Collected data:
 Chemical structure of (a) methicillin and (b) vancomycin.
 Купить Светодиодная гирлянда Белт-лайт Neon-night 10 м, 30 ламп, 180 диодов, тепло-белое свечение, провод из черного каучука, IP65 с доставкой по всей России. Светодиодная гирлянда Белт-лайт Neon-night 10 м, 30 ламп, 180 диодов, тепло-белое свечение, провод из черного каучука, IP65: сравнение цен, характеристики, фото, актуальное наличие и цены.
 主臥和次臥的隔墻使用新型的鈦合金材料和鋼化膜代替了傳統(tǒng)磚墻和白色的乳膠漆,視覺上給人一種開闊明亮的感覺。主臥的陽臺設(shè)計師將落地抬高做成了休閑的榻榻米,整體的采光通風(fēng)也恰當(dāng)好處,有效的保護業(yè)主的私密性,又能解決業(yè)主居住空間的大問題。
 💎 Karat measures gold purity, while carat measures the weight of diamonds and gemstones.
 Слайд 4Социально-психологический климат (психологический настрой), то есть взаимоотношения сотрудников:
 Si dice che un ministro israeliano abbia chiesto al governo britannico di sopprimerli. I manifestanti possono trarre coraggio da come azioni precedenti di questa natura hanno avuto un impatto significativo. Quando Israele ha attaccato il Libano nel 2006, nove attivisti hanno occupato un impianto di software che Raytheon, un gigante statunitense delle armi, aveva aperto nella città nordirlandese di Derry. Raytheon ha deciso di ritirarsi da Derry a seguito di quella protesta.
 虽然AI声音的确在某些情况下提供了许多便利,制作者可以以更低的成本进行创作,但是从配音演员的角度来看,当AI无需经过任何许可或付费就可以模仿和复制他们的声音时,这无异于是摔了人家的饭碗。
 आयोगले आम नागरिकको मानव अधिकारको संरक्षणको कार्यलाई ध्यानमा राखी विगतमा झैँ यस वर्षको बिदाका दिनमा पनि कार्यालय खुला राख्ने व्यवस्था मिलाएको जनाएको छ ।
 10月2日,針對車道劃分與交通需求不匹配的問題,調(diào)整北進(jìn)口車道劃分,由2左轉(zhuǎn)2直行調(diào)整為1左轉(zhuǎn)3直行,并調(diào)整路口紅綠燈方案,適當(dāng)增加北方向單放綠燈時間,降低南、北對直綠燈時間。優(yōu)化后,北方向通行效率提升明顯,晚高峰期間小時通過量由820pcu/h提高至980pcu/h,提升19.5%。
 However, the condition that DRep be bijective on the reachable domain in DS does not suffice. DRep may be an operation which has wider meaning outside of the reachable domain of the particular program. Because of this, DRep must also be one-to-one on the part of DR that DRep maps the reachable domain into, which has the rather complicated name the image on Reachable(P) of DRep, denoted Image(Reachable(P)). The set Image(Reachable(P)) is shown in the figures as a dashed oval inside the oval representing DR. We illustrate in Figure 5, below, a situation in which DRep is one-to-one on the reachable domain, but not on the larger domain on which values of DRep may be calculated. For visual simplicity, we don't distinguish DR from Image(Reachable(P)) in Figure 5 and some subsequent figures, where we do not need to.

→ **WHAT IS NEEDED**
Retype, exactly and in full, the lines above from the one containing "Купить Светодиодная гирлянда" through the one containing "Слайд 4Социально-психологический климат".

→ **EXERCISE RESPONSE**
 Купить Светодиодная гирлянда Белт-лайт Neon-night 10 м, 30 ламп, 180 диодов, тепло-белое свечение, провод из черного каучука, IP65 с доставкой по всей России. Светодиодная гирлянда Белт-лайт Neon-night 10 м, 30 ламп, 180 диодов, тепло-белое свечение, провод из черного каучука, IP65: сравнение цен, характеристики, фото, актуальное наличие и цены.
 主臥和次臥的隔墻使用新型的鈦合金材料和鋼化膜代替了傳統(tǒng)磚墻和白色的乳膠漆,視覺上給人一種開闊明亮的感覺。主臥的陽臺設(shè)計師將落地抬高做成了休閑的榻榻米,整體的采光通風(fēng)也恰當(dāng)好處,有效的保護業(yè)主的私密性,又能解決業(yè)主居住空間的大問題。
 💎 Karat measures gold purity, while carat measures the weight of diamonds and gemstones.
 Слайд 4Социально-психологический климат (психологический настрой), то есть взаимоотношения сотрудников:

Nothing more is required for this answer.